# What this task involves
A faithful copy is needed of the lines below from the one with "ハーフジップタイプのスウェッ" up to and including the one with "612日,由中國輕工業(yè"; set it down with no pictures and no other lines.

# Input
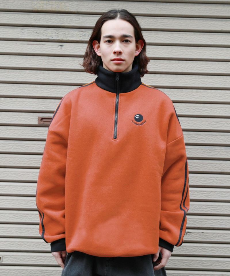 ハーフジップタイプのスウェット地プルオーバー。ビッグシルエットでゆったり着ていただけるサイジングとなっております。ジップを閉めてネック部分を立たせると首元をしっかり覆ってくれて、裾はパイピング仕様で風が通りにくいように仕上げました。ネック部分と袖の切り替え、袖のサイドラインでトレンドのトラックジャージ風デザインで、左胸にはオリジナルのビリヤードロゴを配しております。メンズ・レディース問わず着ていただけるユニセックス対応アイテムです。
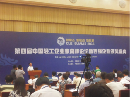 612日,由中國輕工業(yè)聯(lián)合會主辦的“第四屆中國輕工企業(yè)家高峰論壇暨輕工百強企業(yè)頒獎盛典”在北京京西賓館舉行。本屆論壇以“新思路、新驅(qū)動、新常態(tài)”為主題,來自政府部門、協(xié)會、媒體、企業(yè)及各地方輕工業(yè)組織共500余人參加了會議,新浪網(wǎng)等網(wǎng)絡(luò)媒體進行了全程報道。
---
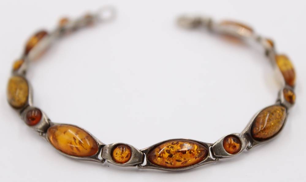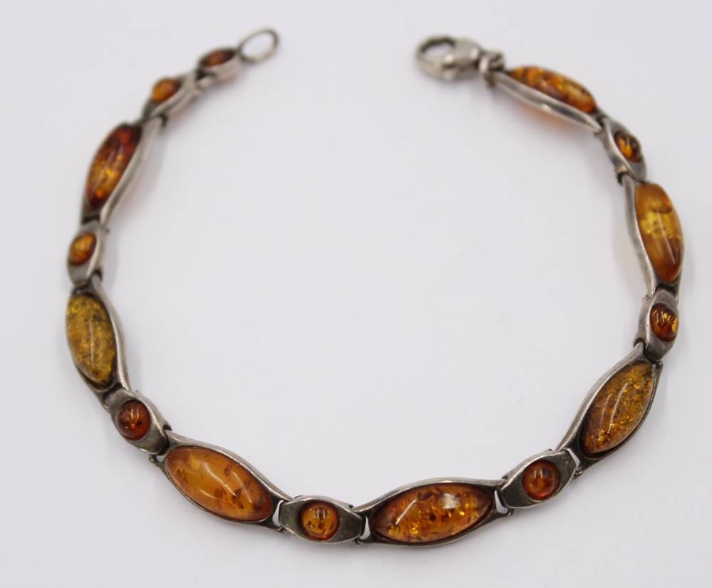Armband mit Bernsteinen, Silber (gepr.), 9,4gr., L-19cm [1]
==
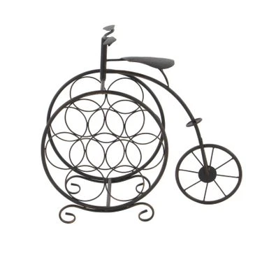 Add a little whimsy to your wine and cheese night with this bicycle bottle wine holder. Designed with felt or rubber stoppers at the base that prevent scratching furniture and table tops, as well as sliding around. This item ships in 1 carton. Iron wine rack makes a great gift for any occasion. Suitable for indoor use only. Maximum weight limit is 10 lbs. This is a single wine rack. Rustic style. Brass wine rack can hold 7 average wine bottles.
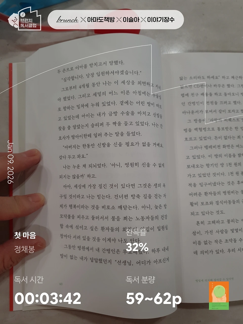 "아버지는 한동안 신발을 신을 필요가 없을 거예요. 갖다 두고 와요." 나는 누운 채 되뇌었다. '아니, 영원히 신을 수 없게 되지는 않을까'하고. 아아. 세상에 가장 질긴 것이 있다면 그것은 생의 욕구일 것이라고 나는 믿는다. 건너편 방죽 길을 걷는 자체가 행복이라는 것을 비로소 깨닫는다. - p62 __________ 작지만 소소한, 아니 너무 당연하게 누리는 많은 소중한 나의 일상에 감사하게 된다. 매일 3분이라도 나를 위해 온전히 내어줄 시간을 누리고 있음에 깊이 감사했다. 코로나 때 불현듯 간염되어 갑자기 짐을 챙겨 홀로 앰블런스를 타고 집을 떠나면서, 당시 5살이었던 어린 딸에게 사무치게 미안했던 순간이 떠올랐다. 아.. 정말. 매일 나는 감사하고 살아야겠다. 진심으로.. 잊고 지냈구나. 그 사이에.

# Exercise output
 ハーフジップタイプのスウェット地プルオーバー。ビッグシルエットでゆったり着ていただけるサイジングとなっております。ジップを閉めてネック部分を立たせると首元をしっかり覆ってくれて、裾はパイピング仕様で風が通りにくいように仕上げました。ネック部分と袖の切り替え、袖のサイドラインでトレンドのトラックジャージ風デザインで、左胸にはオリジナルのビリヤードロゴを配しております。メンズ・レディース問わず着ていただけるユニセックス対応アイテムです。
 612日,由中國輕工業(yè)聯(lián)合會主辦的“第四屆中國輕工企業(yè)家高峰論壇暨輕工百強企業(yè)頒獎盛典”在北京京西賓館舉行。本屆論壇以“新思路、新驅(qū)動、新常態(tài)”為主題,來自政府部門、協(xié)會、媒體、企業(yè)及各地方輕工業(yè)組織共500余人參加了會議,新浪網(wǎng)等網(wǎng)絡(luò)媒體進行了全程報道。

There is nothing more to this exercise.